Problem statement:
The exact lines of the listing, from its first through the line that contains "Dreifið raspinum yfir", are to make up the answer, and pictures are to be left out.

Supplied data:
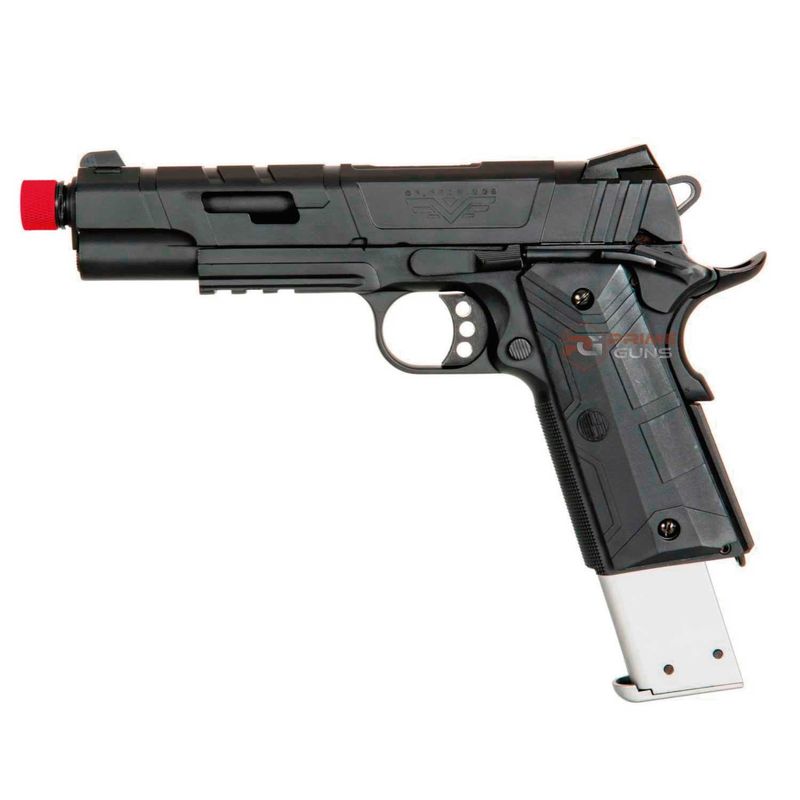 O design moderno e agressivo da pistola RedWings é um verdadeiro charme. O contraste das cores e formatos dessa 1911 são um grande diferencial frente a outras pistolas GBB
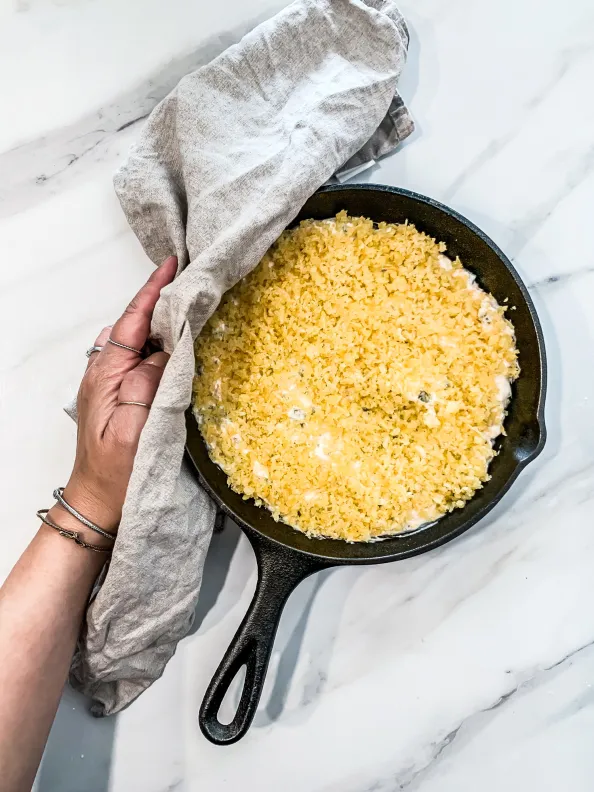 Dreifið raspinum yfir ídýfuna og bakið í ofni við 190°C á blæstri í 20 mínútur eða þar til ídýfan er orðin gyllt og stökk. Það er einnig mjög gott að grilla ídýfuna.
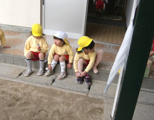 と、思ってたら水筒を片手に玄関に整列し出す年中組さん
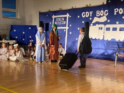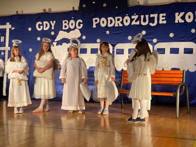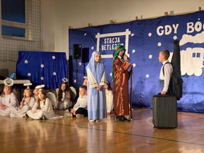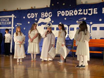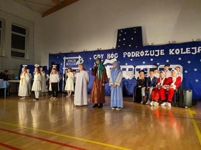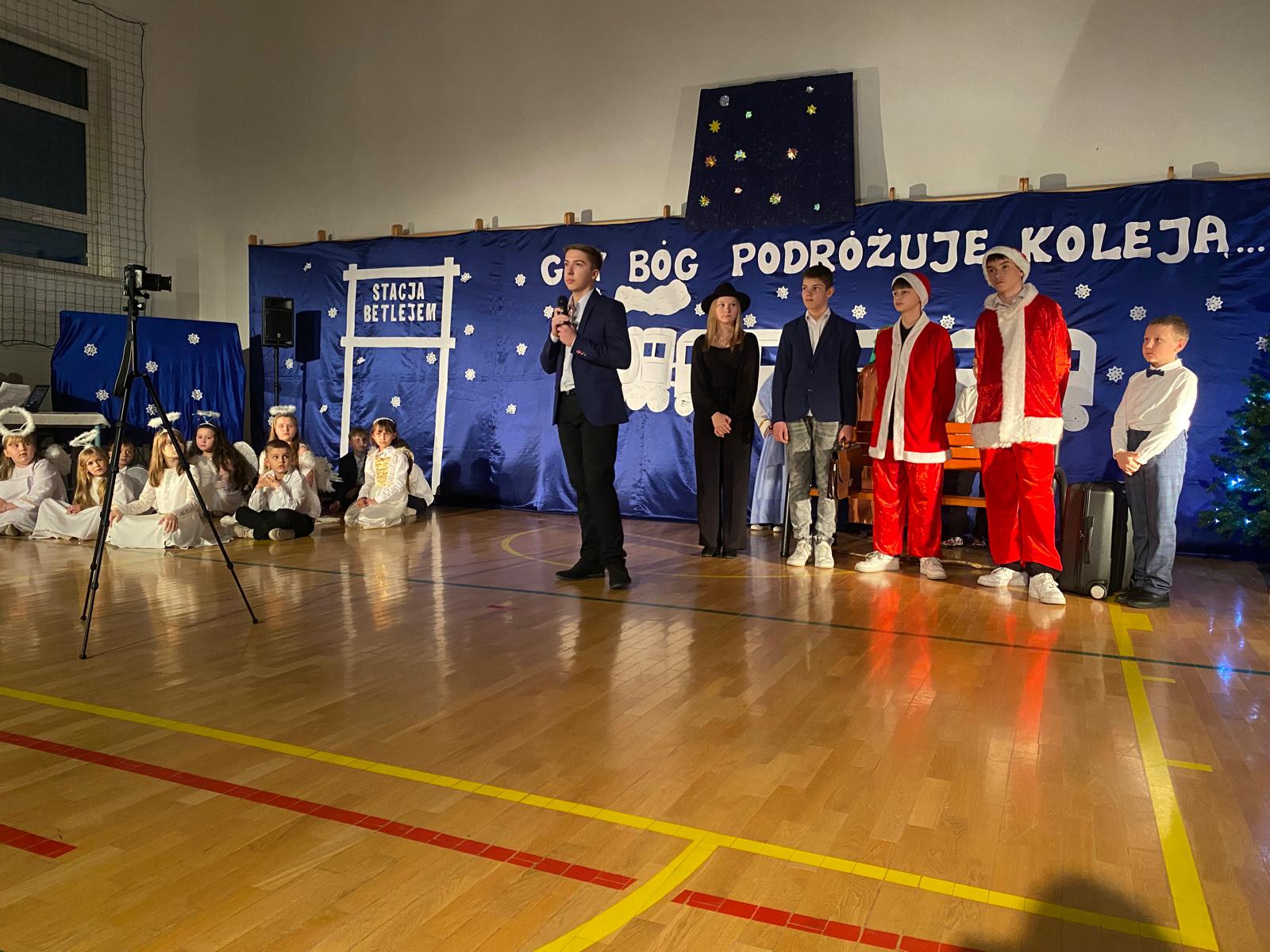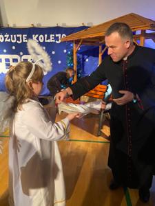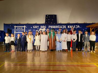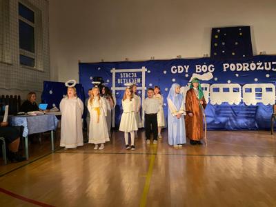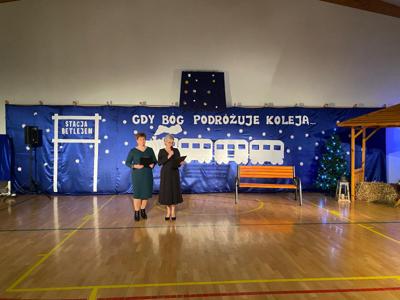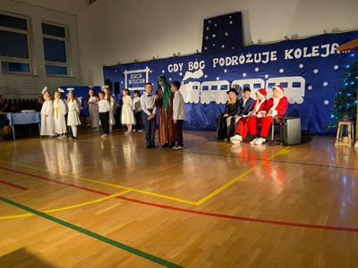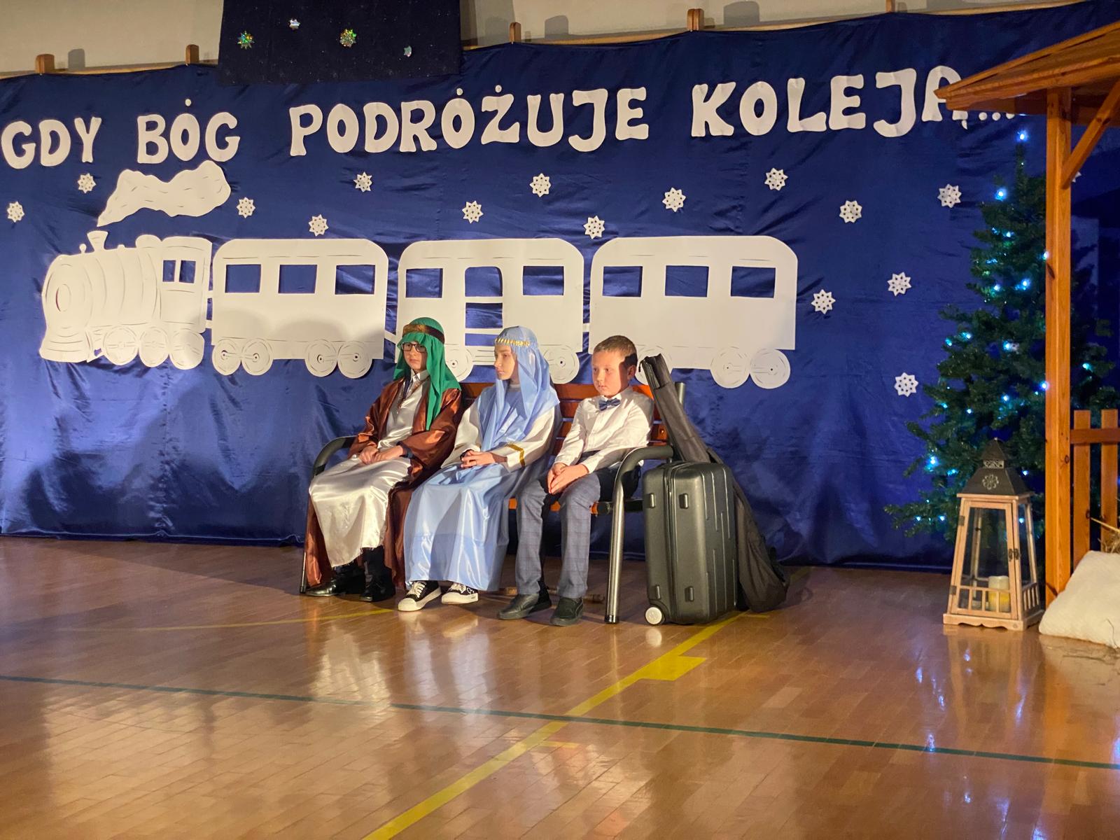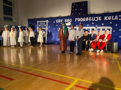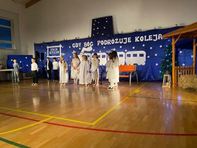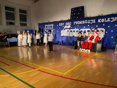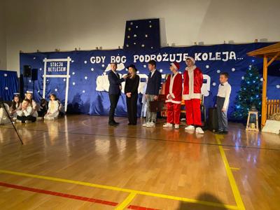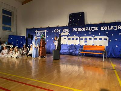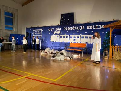 , a następnie uczniowie zaprezentowali jasełka pt. „Gdy Bóg podróżuje koleją”

Your response:
 O design moderno e agressivo da pistola RedWings é um verdadeiro charme. O contraste das cores e formatos dessa 1911 são um grande diferencial frente a outras pistolas GBB
 Dreifið raspinum yfir ídýfuna og bakið í ofni við 190°C á blæstri í 20 mínútur eða þar til ídýfan er orðin gyllt og stökk. Það er einnig mjög gott að grilla ídýfuna.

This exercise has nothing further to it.